A look at America’s “new rich,” a rising demographic group, according to survey data provided to The Associated Press:
—The group is made up largely of older professionals, working married couples and more educated singles, those with household income of $250,000 or more at some point during their working lives. That puts them, if sometimes temporarily, in the top 2 per cent of earners. They are 21 per cent of U.S. adults ages 25-60, a proportion that has more than doubled since 1979.
—They differ from the super-rich because of their sense of economic fragility. Having reached the top 2 per cent of income earners for a year or more of their lives, in some cases they will later fall below it. Those above them on the economic ladder often are more secure, with long-held family assets.
—The new rich are important in part because they spend only about 60 per cent of their before-tax income, making them prime marketing targets. Companies increasingly turn to them to boost revenue with a range of new “mass luxury” products and services.
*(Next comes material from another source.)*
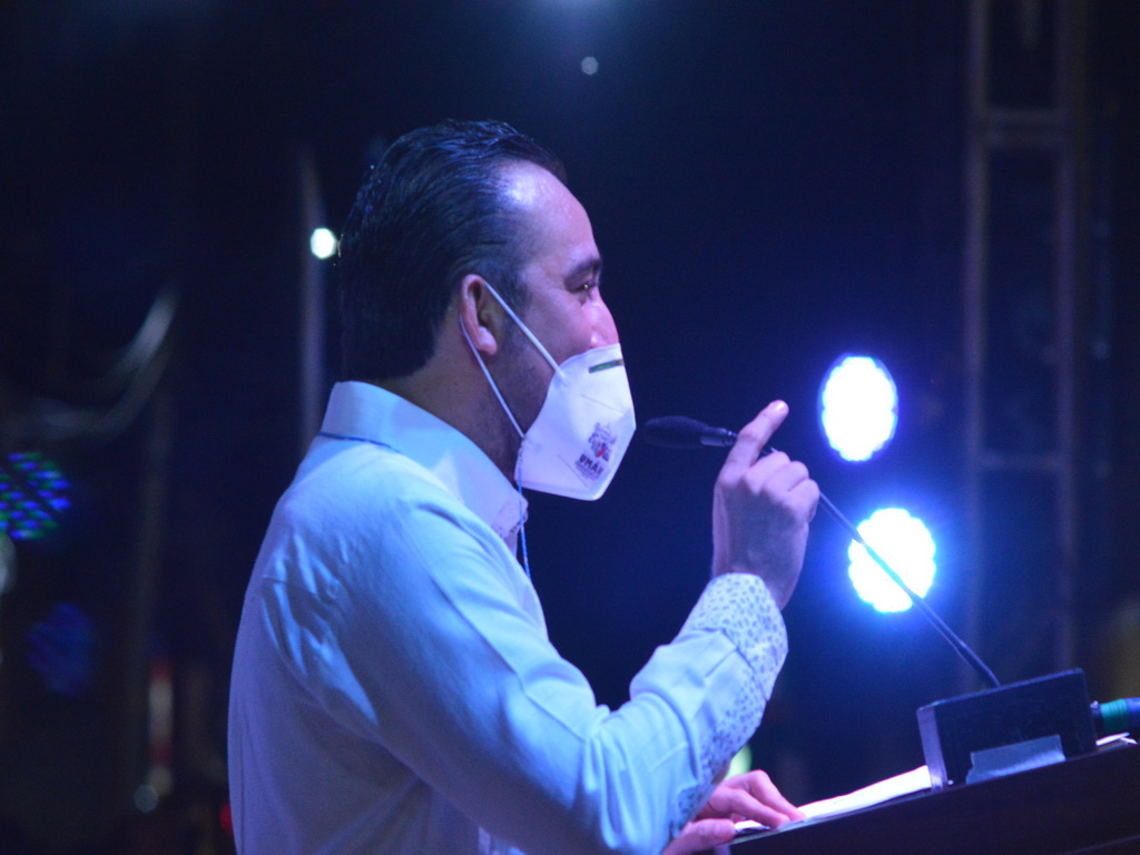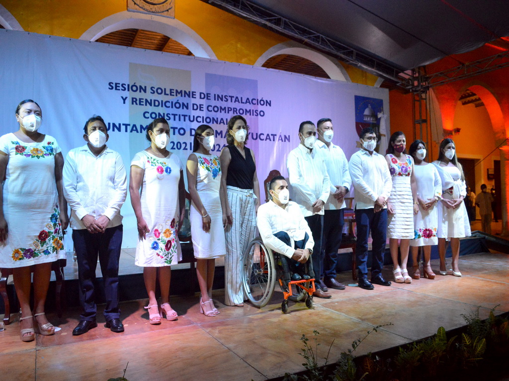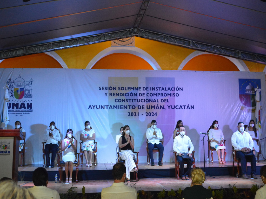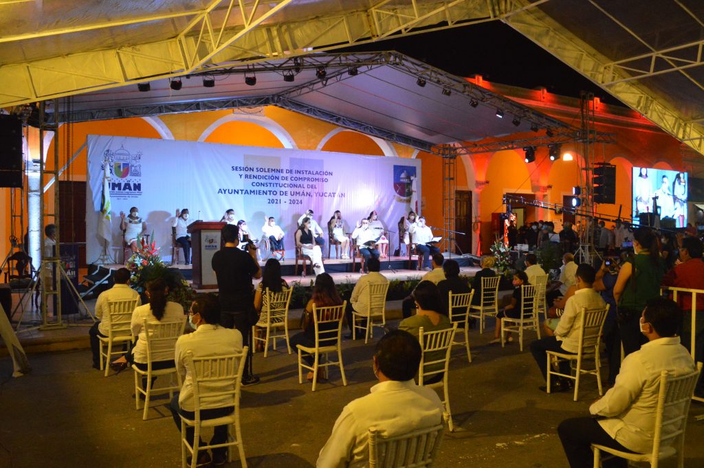 02/09/2021. -UMÁN. La noche del miércoles afuera de palacio municipal de Umán, se realizó la primera sesión de cabildo de la nueva administración, tomando protesta el alcalde Gaspar Ventura Cisneros Polanco, por el periodo 2021-2024.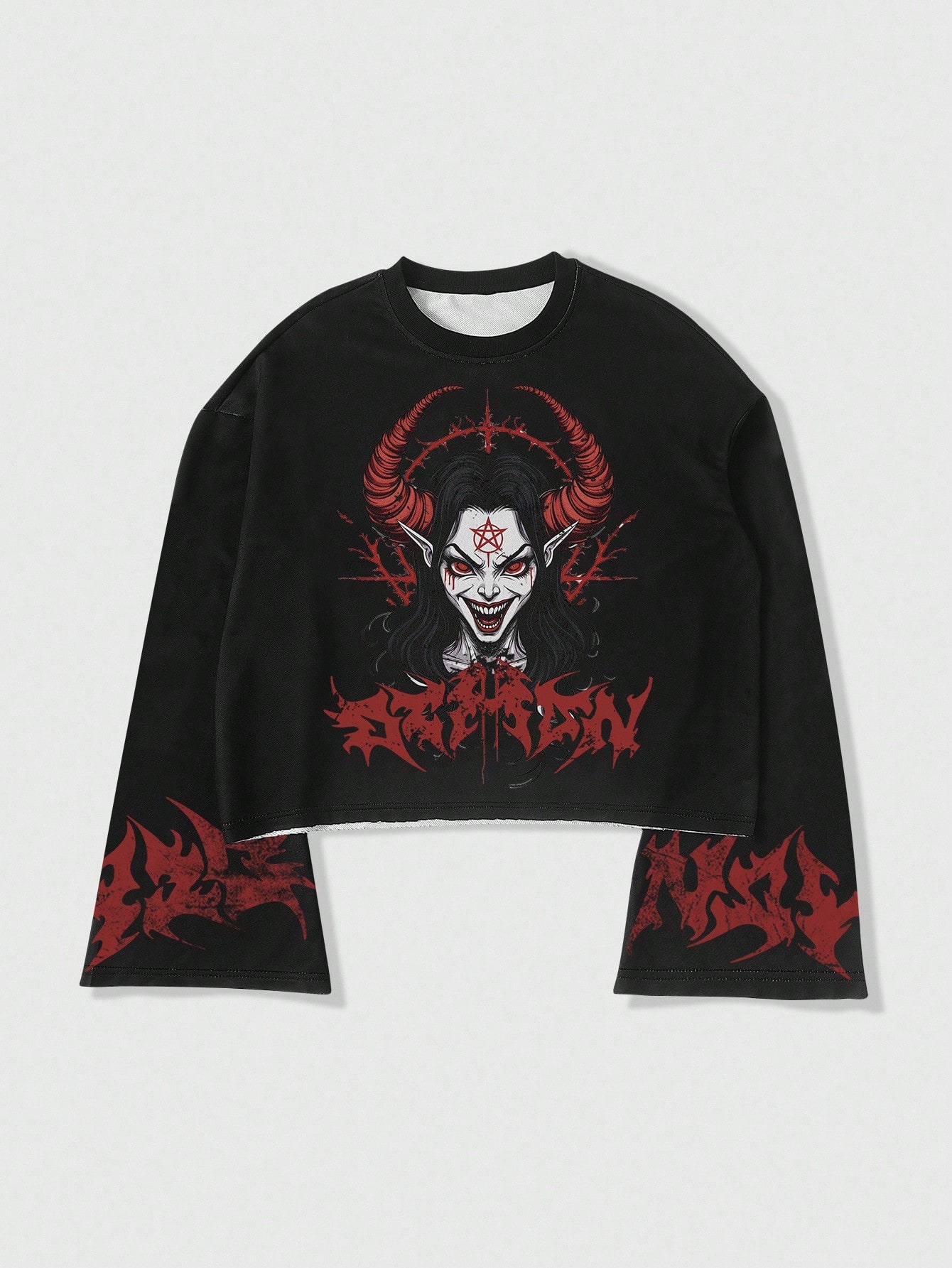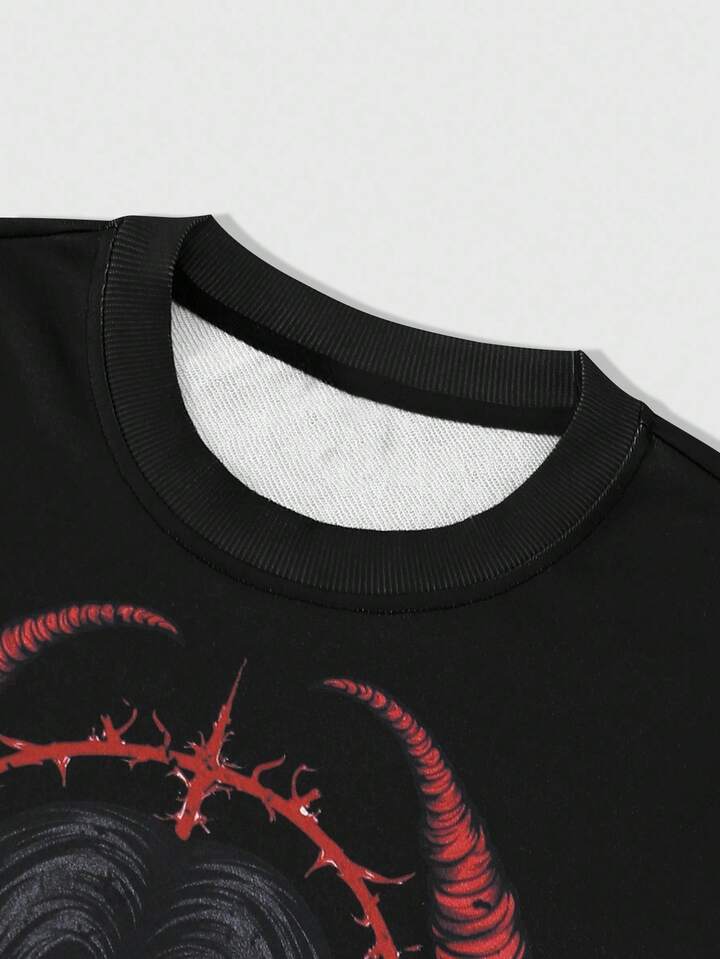 Street Life Camiseta de manga larga con cuello redondo, gráfico gótico con letra y retrato para hombre, otoño

Economists say they’ll be important to the U.S. economic recovery as middle class Americans below them in income continue to struggle.
—Although socially liberal on issues such as abortion and gay rights, the new rich are more fiscally conservative than other Americans and less likely to support safety-net programs to help the disadvantaged.
— While 21 per cent of working-age adults will achieve affluence for parts of their lives, they are substantially outnumbered by Americans who are financially struggling. Some 54 per cent of working-age Americans will experience near-poverty — defined as 150 per cent of the poverty line — for portions of their lives, hurt by the loss of well-paying manufacturing jobs.